I have a sneaking suspicion that there may in fact by many, many more.
#12

[eluser]Dam1an[/eluser]
Ah yes... Although I (beleive it or not) have never yet felt the need to call a model/controller 'sheep', 'pants' etc lol
In most cases, such as pants, scissors, maybe even sheep, I don't think they would be very good names lol

As soon as I come up against something like this, I'll let you know how I resolve it in a real world situation
#13

[eluser]jedd[/eluser]
Okay .. here are some more 'real world' (though what is unreal about sheep escapes me - not just because I used to be a sheep farmer either).

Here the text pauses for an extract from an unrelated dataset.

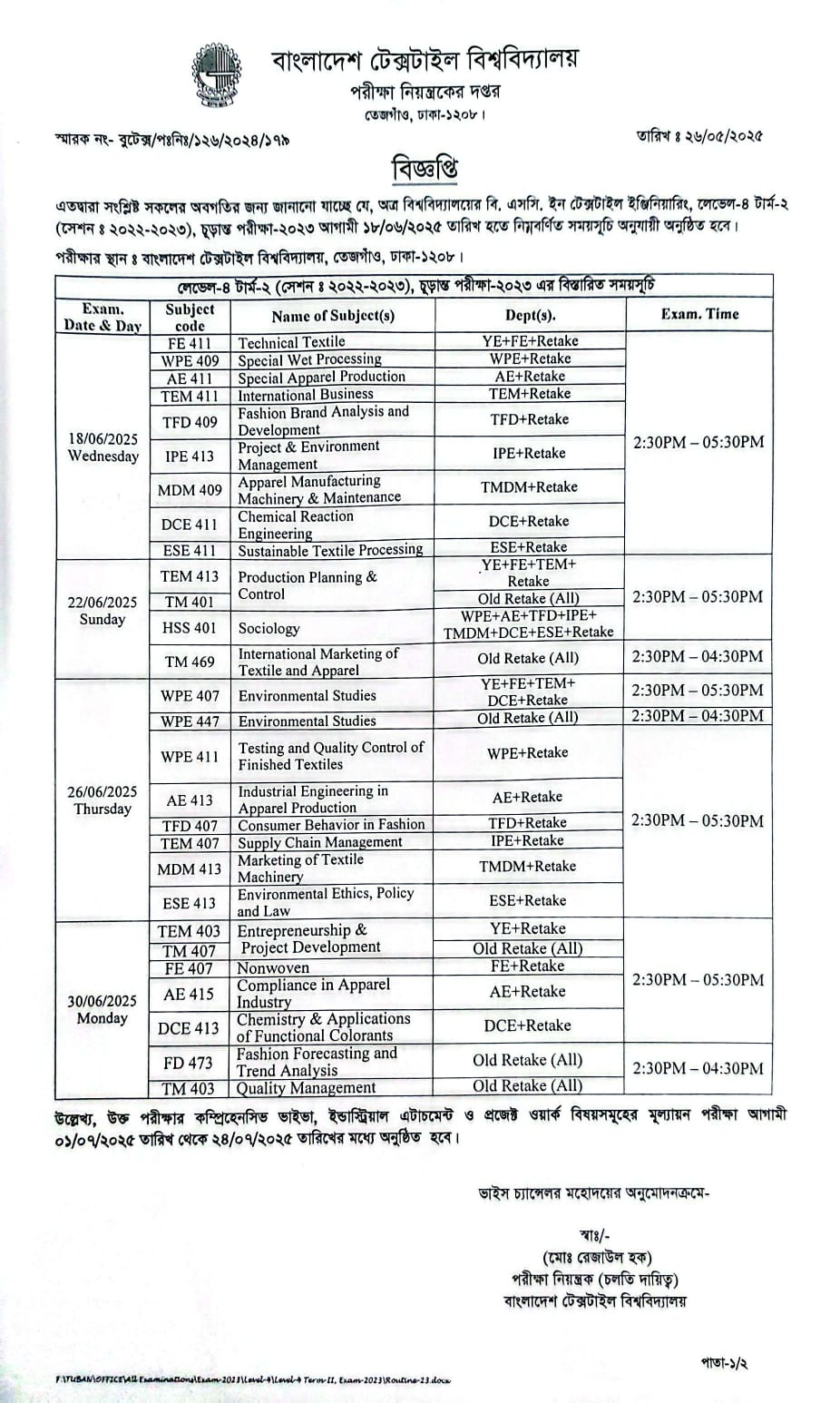 Exam Schedule: BSc in Textile Engineering L-4 T-2 Exam-2023

fish - slightly more generic, and all the rage in the newspapers in the UK at the moment (notice how they can focus on only one story at a time, and never for more than 5 days?) so all those ex-NHS knobbers are off writing IT systems to deal with fish now

premises - probably going to pop up for anyone writing a housing, real estate, or trading-post style system

precis - might crop up, depending how literate your developer was

series - almost definitely going to pop up along your travels, in this context

species - something that I've already attended to in the database I'm working on right now
#14

[eluser]Michael Wales[/eluser]
I also follow the plural controller singular model method and haven't run into an issue with words that are spelled the same in both instances.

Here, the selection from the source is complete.